YOUR ASSIGNMENT →
Identify, in the records below, every line where the string "other" appears, and copy each such line.

Collected data entries
- - -

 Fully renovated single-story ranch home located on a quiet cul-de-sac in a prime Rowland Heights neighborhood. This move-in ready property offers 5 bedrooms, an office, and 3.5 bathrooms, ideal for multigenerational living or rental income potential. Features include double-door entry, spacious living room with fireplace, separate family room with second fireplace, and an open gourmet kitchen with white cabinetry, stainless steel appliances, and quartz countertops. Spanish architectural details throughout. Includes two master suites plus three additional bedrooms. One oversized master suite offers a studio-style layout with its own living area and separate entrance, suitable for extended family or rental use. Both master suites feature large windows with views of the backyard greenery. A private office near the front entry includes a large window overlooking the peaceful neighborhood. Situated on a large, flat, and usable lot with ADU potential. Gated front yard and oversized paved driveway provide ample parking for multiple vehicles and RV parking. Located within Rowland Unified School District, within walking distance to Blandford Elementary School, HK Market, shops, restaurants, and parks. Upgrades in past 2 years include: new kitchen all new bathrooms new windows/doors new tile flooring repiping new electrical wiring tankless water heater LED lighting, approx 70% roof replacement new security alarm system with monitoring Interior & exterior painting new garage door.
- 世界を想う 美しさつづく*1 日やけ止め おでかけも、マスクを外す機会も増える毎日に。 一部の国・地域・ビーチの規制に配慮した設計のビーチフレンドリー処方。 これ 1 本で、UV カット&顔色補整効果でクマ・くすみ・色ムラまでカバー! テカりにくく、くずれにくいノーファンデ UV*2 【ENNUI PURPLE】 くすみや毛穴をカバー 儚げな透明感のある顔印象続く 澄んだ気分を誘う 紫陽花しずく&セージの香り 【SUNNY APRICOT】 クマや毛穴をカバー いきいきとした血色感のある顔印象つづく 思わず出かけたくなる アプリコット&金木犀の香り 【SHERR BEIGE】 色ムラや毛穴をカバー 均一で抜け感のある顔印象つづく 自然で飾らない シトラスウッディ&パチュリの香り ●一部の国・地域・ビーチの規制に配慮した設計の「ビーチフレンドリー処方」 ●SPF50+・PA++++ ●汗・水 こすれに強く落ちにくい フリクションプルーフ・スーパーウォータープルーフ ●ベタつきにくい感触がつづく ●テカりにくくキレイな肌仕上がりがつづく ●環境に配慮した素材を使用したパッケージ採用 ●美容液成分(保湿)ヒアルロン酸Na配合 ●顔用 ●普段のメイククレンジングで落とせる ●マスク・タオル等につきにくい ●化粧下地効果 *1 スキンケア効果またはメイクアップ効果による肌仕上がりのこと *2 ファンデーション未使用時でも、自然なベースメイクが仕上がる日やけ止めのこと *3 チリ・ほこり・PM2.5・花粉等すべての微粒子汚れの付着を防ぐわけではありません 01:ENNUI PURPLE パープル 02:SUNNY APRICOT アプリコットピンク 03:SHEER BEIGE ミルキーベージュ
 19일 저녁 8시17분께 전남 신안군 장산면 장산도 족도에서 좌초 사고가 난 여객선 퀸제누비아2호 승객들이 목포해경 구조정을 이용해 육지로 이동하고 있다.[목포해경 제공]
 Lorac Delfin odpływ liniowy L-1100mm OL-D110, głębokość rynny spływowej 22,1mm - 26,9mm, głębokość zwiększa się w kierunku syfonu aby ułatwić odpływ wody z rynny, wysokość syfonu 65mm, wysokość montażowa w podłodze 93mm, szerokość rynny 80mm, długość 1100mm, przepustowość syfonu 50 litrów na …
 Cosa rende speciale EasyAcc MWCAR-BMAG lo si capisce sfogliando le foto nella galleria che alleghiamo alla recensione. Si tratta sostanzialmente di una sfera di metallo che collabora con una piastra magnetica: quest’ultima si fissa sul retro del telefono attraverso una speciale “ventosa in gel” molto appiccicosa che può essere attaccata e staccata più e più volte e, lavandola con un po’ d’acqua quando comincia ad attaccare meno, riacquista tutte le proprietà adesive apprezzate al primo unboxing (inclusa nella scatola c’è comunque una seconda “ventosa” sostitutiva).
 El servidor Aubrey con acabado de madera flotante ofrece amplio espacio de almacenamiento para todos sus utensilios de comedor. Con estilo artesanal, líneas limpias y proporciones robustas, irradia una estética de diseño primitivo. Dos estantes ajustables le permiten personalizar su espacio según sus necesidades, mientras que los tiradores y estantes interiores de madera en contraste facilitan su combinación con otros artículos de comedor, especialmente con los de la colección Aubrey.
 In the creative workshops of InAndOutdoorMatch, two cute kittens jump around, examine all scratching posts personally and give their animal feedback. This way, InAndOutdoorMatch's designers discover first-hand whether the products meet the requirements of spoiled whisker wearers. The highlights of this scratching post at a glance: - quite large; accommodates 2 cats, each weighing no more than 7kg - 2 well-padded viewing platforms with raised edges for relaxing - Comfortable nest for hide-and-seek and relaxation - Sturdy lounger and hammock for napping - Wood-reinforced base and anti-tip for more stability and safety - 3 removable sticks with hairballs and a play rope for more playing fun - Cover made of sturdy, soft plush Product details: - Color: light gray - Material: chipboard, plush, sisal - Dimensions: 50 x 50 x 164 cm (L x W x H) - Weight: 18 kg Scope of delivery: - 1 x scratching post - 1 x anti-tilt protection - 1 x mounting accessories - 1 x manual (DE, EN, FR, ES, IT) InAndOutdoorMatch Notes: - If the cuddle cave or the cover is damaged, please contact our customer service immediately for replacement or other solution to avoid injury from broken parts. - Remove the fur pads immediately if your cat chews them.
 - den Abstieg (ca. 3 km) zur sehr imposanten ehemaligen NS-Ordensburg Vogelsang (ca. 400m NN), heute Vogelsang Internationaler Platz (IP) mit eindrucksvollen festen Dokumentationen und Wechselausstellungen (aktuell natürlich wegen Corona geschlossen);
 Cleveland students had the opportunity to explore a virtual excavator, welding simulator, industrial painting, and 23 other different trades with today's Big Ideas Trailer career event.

- - -

EXERCISE SOLUTION →
 In the creative workshops of InAndOutdoorMatch, two cute kittens jump around, examine all scratching posts personally and give their animal feedback. This way, InAndOutdoorMatch's designers discover first-hand whether the products meet the requirements of spoiled whisker wearers. The highlights of this scratching post at a glance: - quite large; accommodates 2 cats, each weighing no more than 7kg - 2 well-padded viewing platforms with raised edges for relaxing - Comfortable nest for hide-and-seek and relaxation - Sturdy lounger and hammock for napping - Wood-reinforced base and anti-tip for more stability and safety - 3 removable sticks with hairballs and a play rope for more playing fun - Cover made of sturdy, soft plush Product details: - Color: light gray - Material: chipboard, plush, sisal - Dimensions: 50 x 50 x 164 cm (L x W x H) - Weight: 18 kg Scope of delivery: - 1 x scratching post - 1 x anti-tilt protection - 1 x mounting accessories - 1 x manual (DE, EN, FR, ES, IT) InAndOutdoorMatch Notes: - If the cuddle cave or the cover is damaged, please contact our customer service immediately for replacement or other solution to avoid injury from broken parts. - Remove the fur pads immediately if your cat chews them.
 Cleveland students had the opportunity to explore a virtual excavator, welding simulator, industrial painting, and 23 other different trades with today's Big Ideas Trailer career event.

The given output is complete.